This integral breaks Symbolab! Integrate sqrt(1+sin(x)) on zero to pi.
00:00 We are going to compute the trigonometric integral sqrt(1+sin(x)) on zero to pi, and this integral is way harder than it looks at first glance. There is no simple trig identity to simplify the interior of the square root, and the derivative of the interior function 1+sin(x) is not attached to the integrand, so an explicit u-substitution won't work either. Plugging into Symbolab, we discover that this integral breaks Symbolab, which only gives up and gives us a numerically computed result of 4. There are basically two options to symbolically integrate sqrt(1+sin(x)): we can perform an exotic combination of trig. identities to simplify the interior, but the other option is to use the conjugate.
00:55 Multiply by the conjugate in the numerator and denominator: we multiply the integrand by sqrt(1-sin(x))/sqrt(1-sin(x)). The whole point of multiplying by the conjugate is to build a difference of two squares, and this happens in the numerator, giving us sqrt(1-(sin(x))^2). Now we can use a Pythagorean identity to simplify the numerator to get sqrt(cos(x)^2), but this is where the problem gets really tricky, because the square root of the square of a thing is the absolute value!

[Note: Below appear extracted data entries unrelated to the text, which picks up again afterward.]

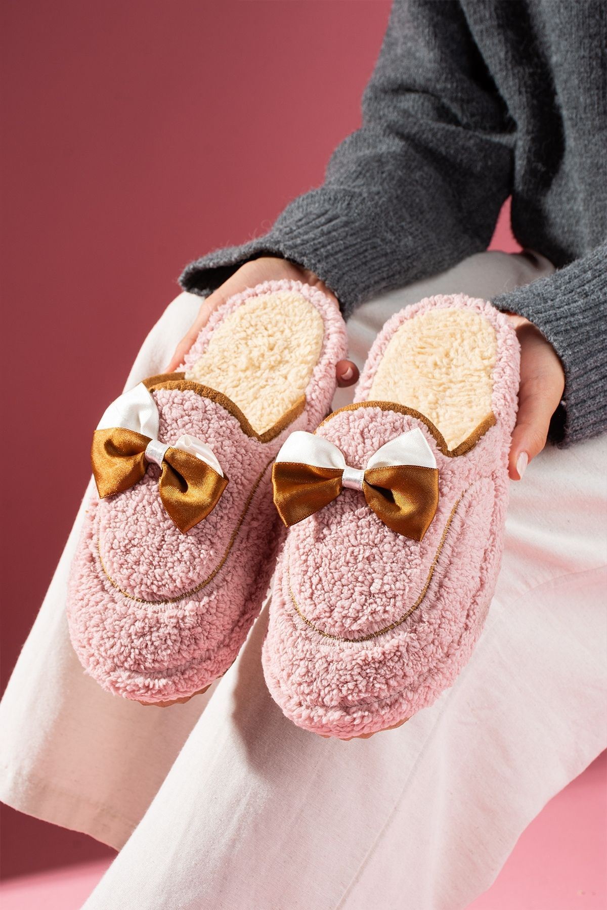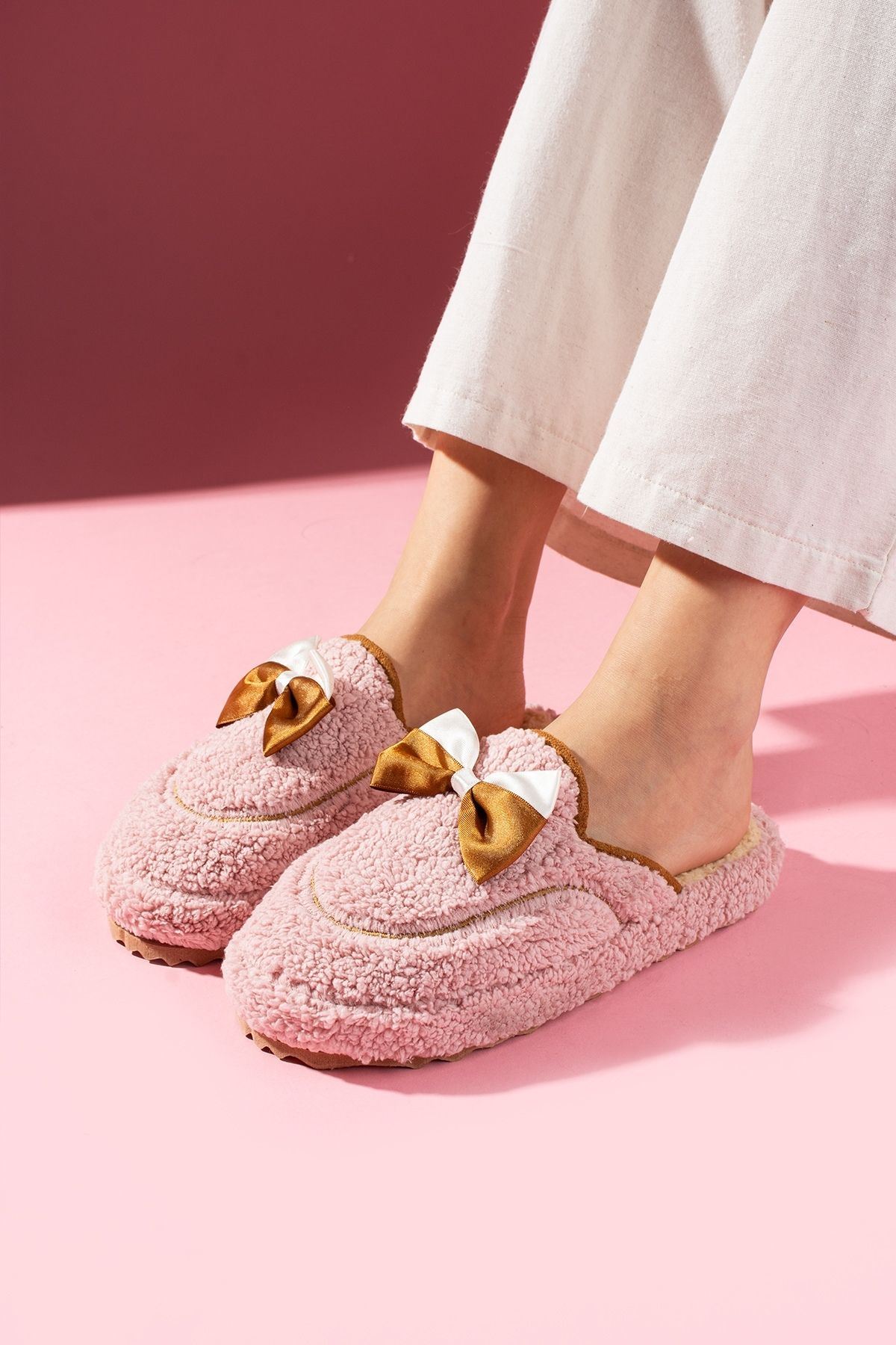 Curry Pudra Fiyonklu Saraç Detaylı Sessiz Taban Ev Terliği
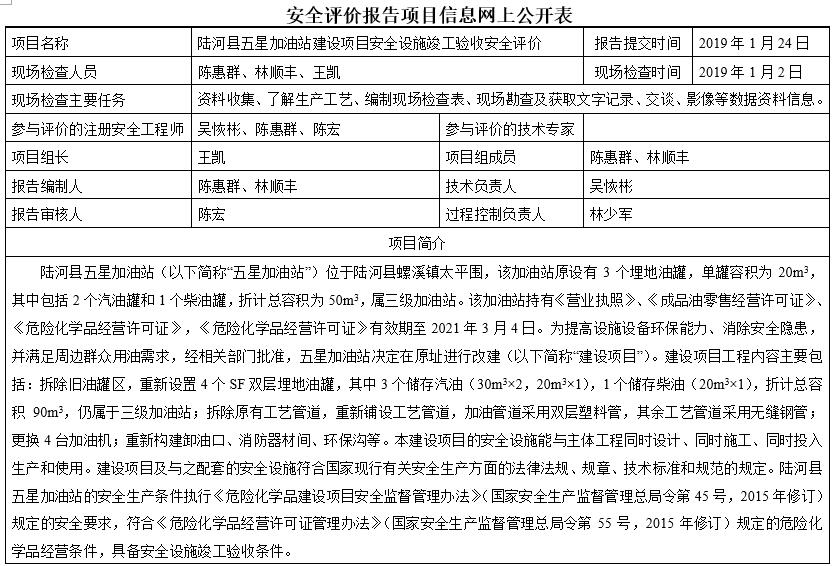 陆河县五星加油站建设项目安全设施竣工验收安全评价
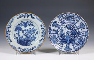 Delft, drie blauw wit aardewerk schotels, 18e eeuw;
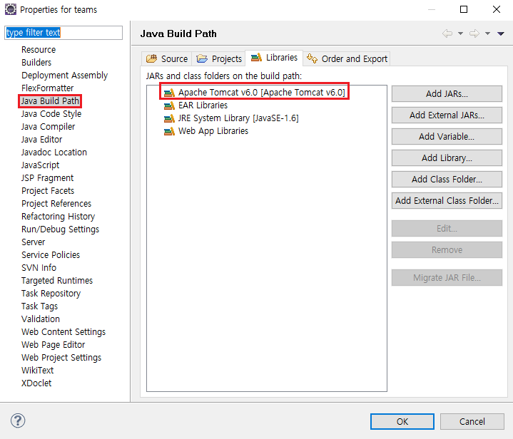 톰캣은 정상적으로 등록되어 있었다.
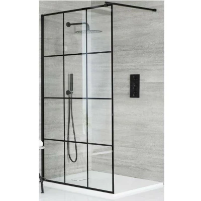 General description Enhance the contemporary look of your bathroom with the Milano Barq walk-in shower enclosure, which comprises a framed black grid pattern glass screen and a white slate effect shower tray. Boasting a reversible design to allow entry from the left or right, the enclosure will perfectly suit your installation needs and adds a modern aesthetic. Technical specifications Screen material: 8mm toughened safety glass Height of screen: 1950mm Shower tray dimensions: 800mm x 800mm x 30mm Construction: Aluminium Compatibility and accessories Reversible design for left or right hand entry Black support arm included Installation Shower tray can be fitted on or level with the floor Usage It is advised to remove shower gel or shampoo from the tray after showering to prevent any marking of the tray. Other information Manufactured to meet EN14428 standard This product is covered for 10 years
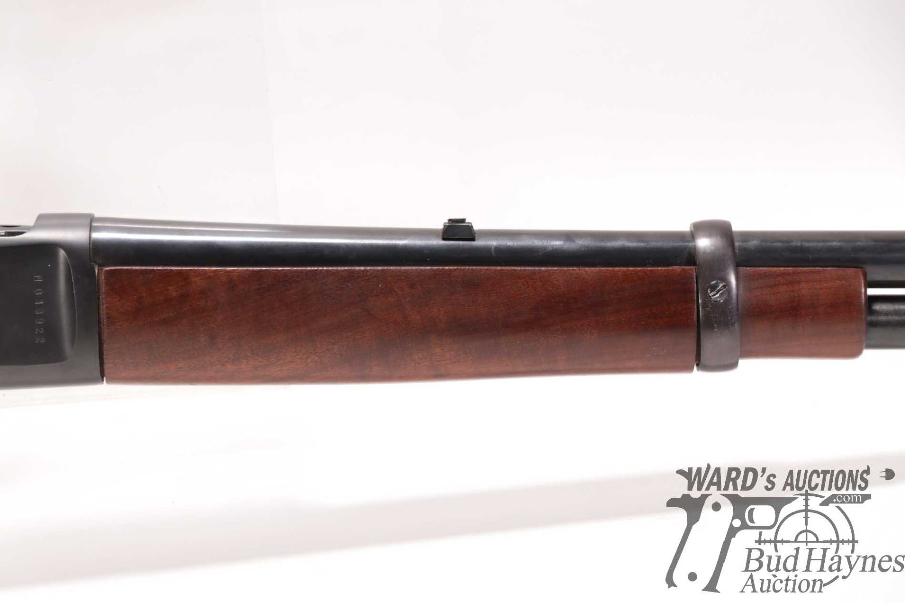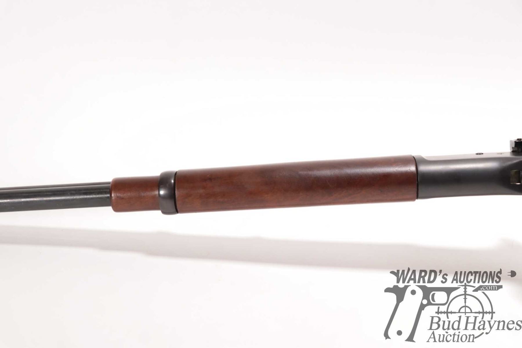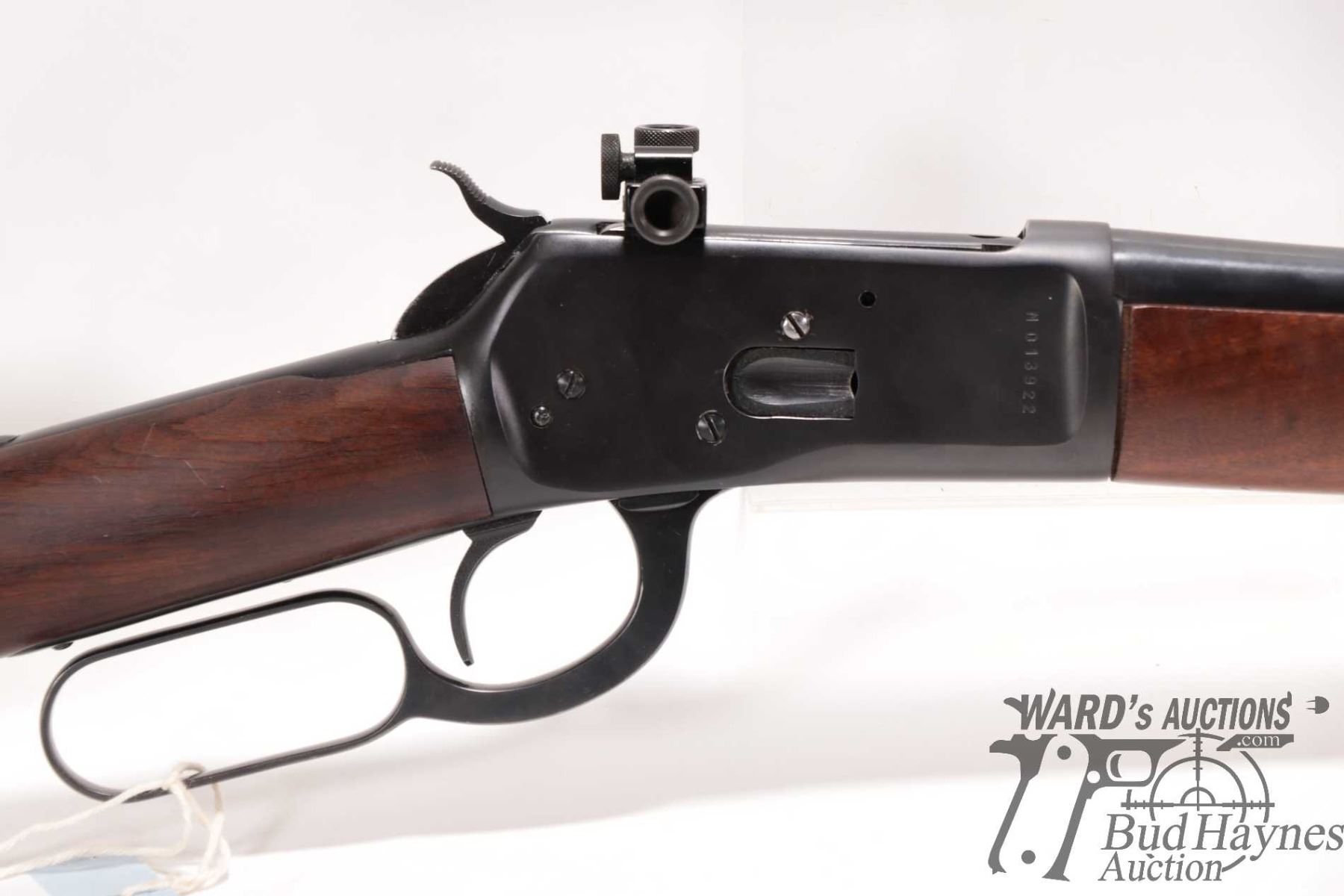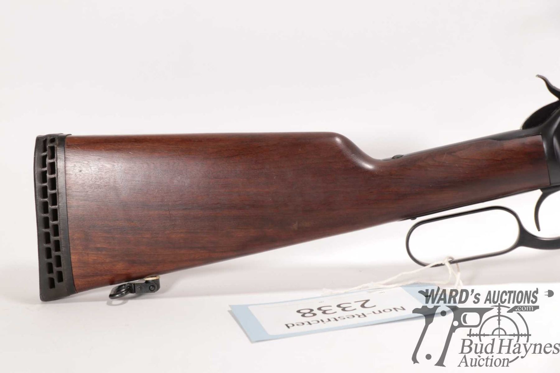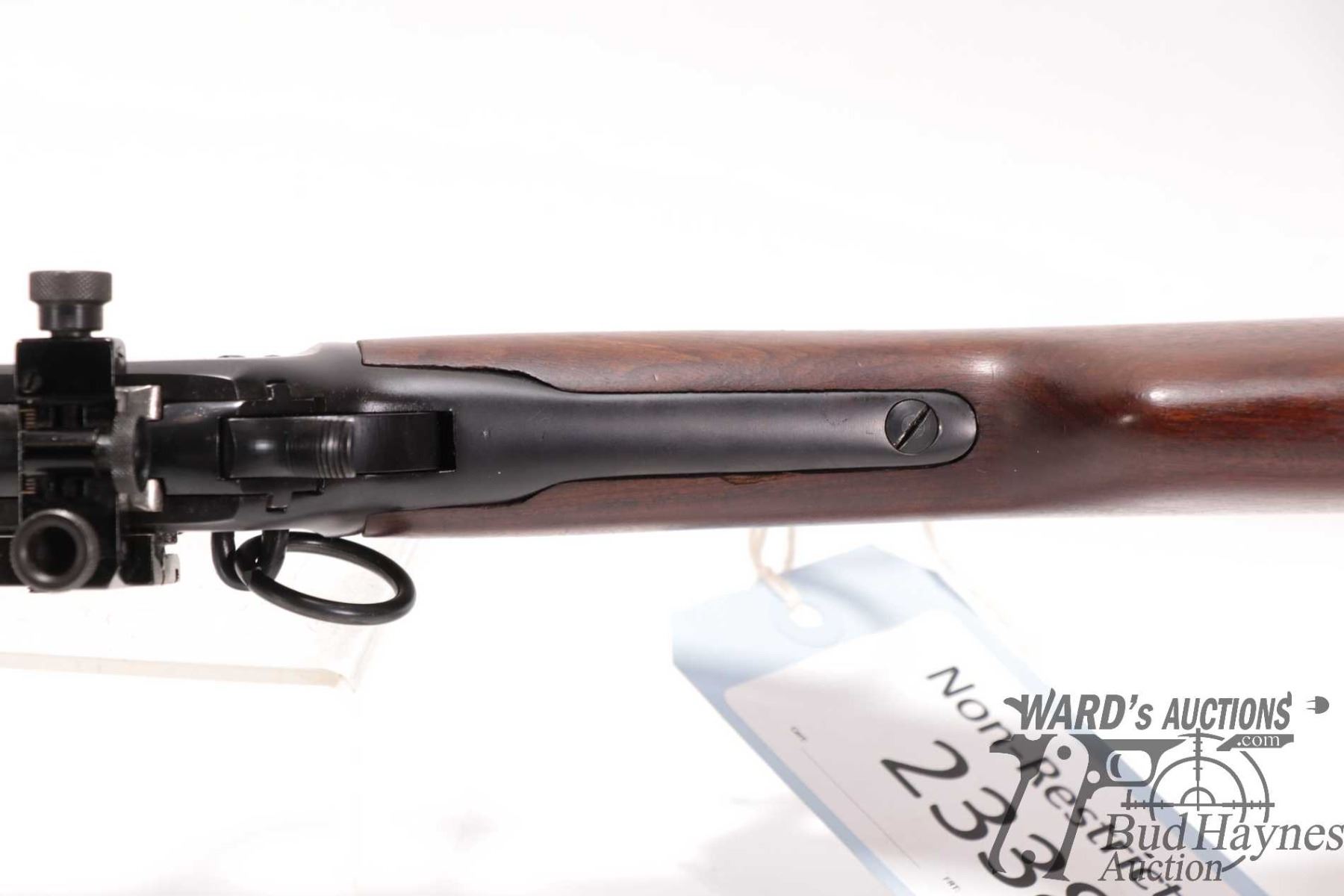 Non-Restricted rifle Rossi 44 Magnum lever action, w/ bbl length 20" [Blued barrel, receiver and full length tube. Fixed front sight. Original rear sight removed and fitted with adjustable peep sight. Smooth wooden stock with Uncle Mike's branded recoil pad. Fitted with sling mounts attached to stock and magazine tube. Mechanically appears to function reasonably well. Bluing worn in use and handling areas plus tooling marks on screws etc. plus other use, handling and storage marks.] serial # M013922, PAL required

02:27 Integrate |cos(x)|/sqrt(1-sin(x)): to integrate the absolute value of cosine over the square root part, we need to split the integration interval based on the sign of the cosine function. The cosine is positive on 0 to pi/2 and negative on pi/2 to pi, so the absolute value does nothing on 0 to pi/2 and multiplies by negative 1 on pi/2 to pi. We now have two integrals to solve.
03:21 Compute the antiderivative of cos(x)/sqrt(1-sin(x)): we recognize that our integrand basically has the derivative of the "interior function" 1-sin(x) built into it, because the derivative of 1-sin(x) is -cos(x). We adjust the first integral to get the derivative of the interior function, and we make quick work of both integrals using the chain rule backwards. We evaluate across the limits of integration and obtain the final answer for the definite integral: 4.
06:10 Note on improper integrals: if we are being really careful, we notice that the upper limit of the first integral and the lower limit of the second integral both result in a zero denominator in the integrand. To formalize our solution, we would have to replace these limits with a parameter, t, and take the limit as t approaches pi/2. These limits will be straightforward and result in the same numerical answer of 4.